◆ TASK INSTRUCTIONS
Keep the text of the data exactly as it is and omit each picture from the copy.

DATA EXCERPT section start

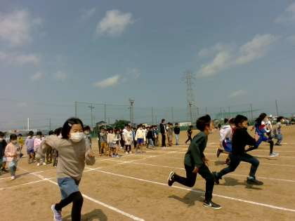 ランランタイムでは、50メートル走の練習をしています。少しでもタイムが縮まるようにと、一生懸命走る姿が見られました。
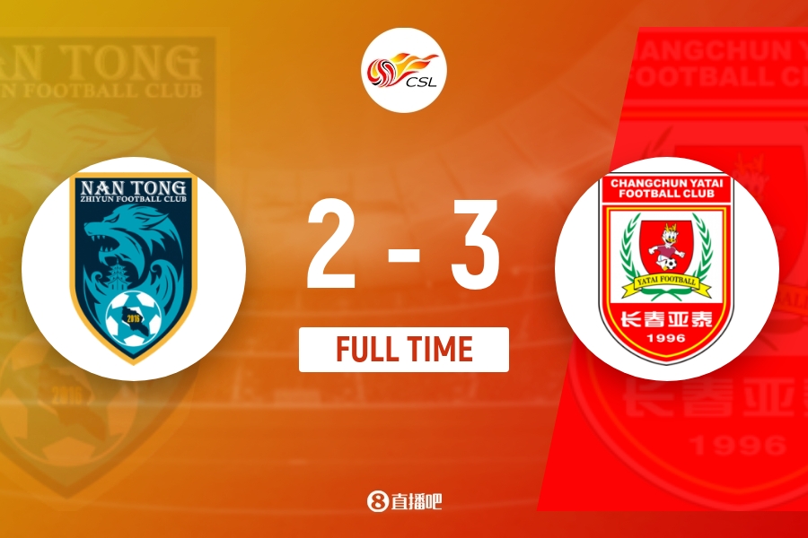 全场比赛结束,长春亚泰3-2南通支云。
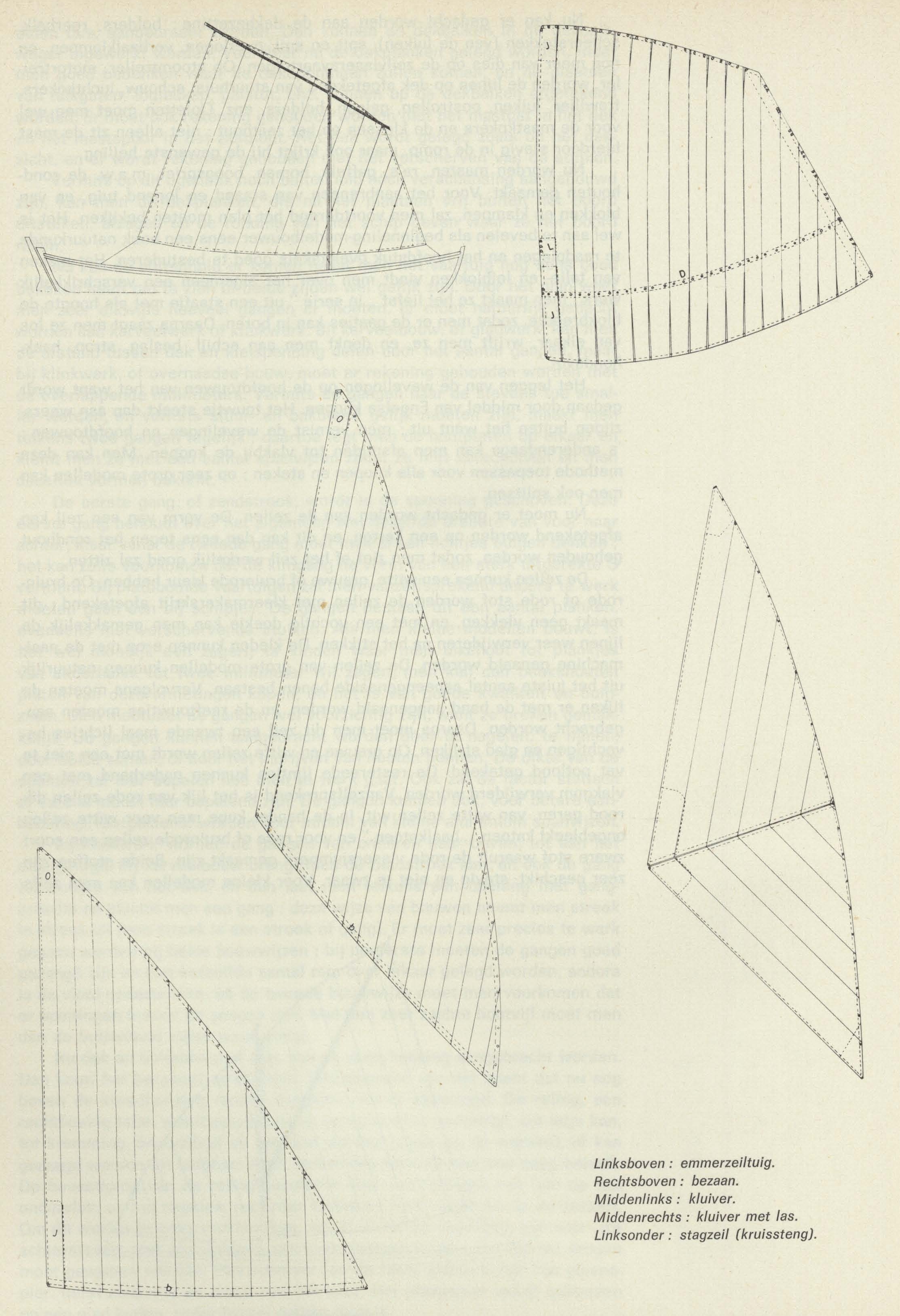 Linksboven: emmerzeiltuig. Rechtsboven: bezaan. Middenlinks: kluiver. Middenrechts: kluiver met las. Linksonder: stagzeil (kruissteng).

DATA EXCERPT section end

◆ ANSWER TO THE PROBLEM
 ランランタイムでは、50メートル走の練習をしています。少しでもタイムが縮まるようにと、一生懸命走る姿が見られました。
 全场比赛结束,长春亚泰3-2南通支云。
 Linksboven: emmerzeiltuig. Rechtsboven: bezaan. Middenlinks: kluiver. Middenrechts: kluiver met las. Linksonder: stagzeil (kruissteng).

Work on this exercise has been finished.